Pour cette année, Flore rêvait de l’ascension d’un beau sommet d’Amerique du Sud. Il faut dire qu’il y a ce qu’il faut ici ! Avec en plus la possibilité de gravir un 6000m… Yann, ne refusant jamais un défi sportif, n’a pas été difficile à convaincre.
Presque deux mois après notre tentative sur le Cotopaxi en Équateur, nous voilà prêts à retenter l’expérience. Nous sommes acclimatés et la météo a l’air de notre côté : c’est parti pour l’ascension du Huayna Potosí ! Il culmine à 6088m.

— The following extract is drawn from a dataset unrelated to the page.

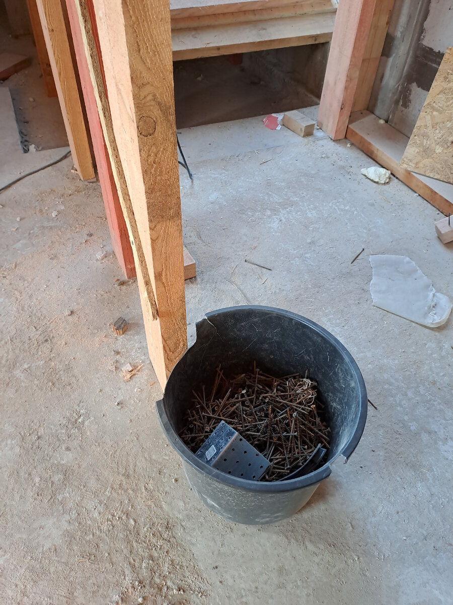 Постоянно слышу о том, что черные саморезы нельзя применять на стройке 🤣. Все забывают что на стройке оооооочень много работ связанных с построением опалубки для монолитных работ и постоянно необходимо временно крепить что то к чему то. Поэтому .... для кровли, каркасника или любого строения на ПОСТОЯННОЙ основе, мы используем гвозки или конструкционные саморезы, а вот для всего что в дальнейшем будет разбираться можно и черными побалываться. К примеру сегодня сфотал наше ведро с саморезами после разборки опалубки фундамента и представьте эти же саморезы использовались для крепления опалубки армпояса 1 го этажа, опалубки лестницы , а так же будут использованы для опалубки армпояса 2 го этажа и еще и еще и еще😄. Экономия на дом 150м2 в районе 15000 руб. Ниже фото "ведра" с саморезами и пара фото где именно эти саморезы использовались.

Un véhicule nous amène avec notre guide Rodrigo jusqu’au camp de base, à 4800m. Nous préparons nos sacs et partons vers le camp haut. C’est le moment que choisit notre guide pour nous demander comment on s’appelle, après deux heures ensemble, il était temps ! (En vrai, il n’a demandé qu’à Flore. Connaître un prénom sur deux devait lui sembler suffisant).
Deux heures plus tard, nous arrivons au refuge à 5270m. C’est une bâtisse de tôle et de plastique : la nuit s’annonce fraîche ! Mais surprise : il fait 25°C à l’intérieur, le soleil tape sur le toit toute la journée. Il n’y a pas foule : un autre couple et leur guide.
Nous dînons avec eux et nous couchons vers 18h30. Sorties pipi (dehors bien sûr), mal de ventre pour l’un, mal à la tête pour l’autre… la « nuit » n’est pas bien reposante !
Après une bonne grasse mat’, on se lève à 1h30 (du matin) pour un départ à 2h30.
Crampons aux pieds, nous commençons l’ascension du glacier. Notre guide nous fournit le service minimum, sans les options « explications » ou « demander comment ça va ». Ne parlons même pas de l’option « sourire » ! Sans la corde qui nous lie à lui, nous n’aurions peut être même pas eu l’option « nous attendre »…
Nous montons doucement…une heure, deux heures… Flore ne sent plus son pied gauche. A mi parcours, nous traversons un passage un peu plus raide où les piolets sont bien utiles.
Et comme c’est beaucoup trop facile pour Yann, il s’est rajouté une difficulté en plus : le mal de ventre qui persiste depuis Copacabana.
Nous assistons dans la montée à un lever du soleil spectaculaire qui dévoile le paysage : nous sommes au dessus d’une mer de nuages. Il reste encore un peu de chemin, c’est dur. Nous sommes fatigués et chaque pas est laborieux.

Enfin, après une dernière montée interminable, nous arrivons au sommet, à 6088m, avec une vue à 360° en guise de récompense ! Flore nous verse même sa petite larmichette.
Bon c’est pas tout ça mais il y en a un qui a toujours mal au ventre, il est temps de redescendre !
Nous prenons un peu de temps pour se reposer au refuge avant de retourner au camps de base. Nous sommes fatigués mais fiers. Flore est toute heureuse et Yann se dit « Flore et ses rêves à la c*n ! ».

Félicitations les loulous, c’est énorme ce que vous avez fait !!!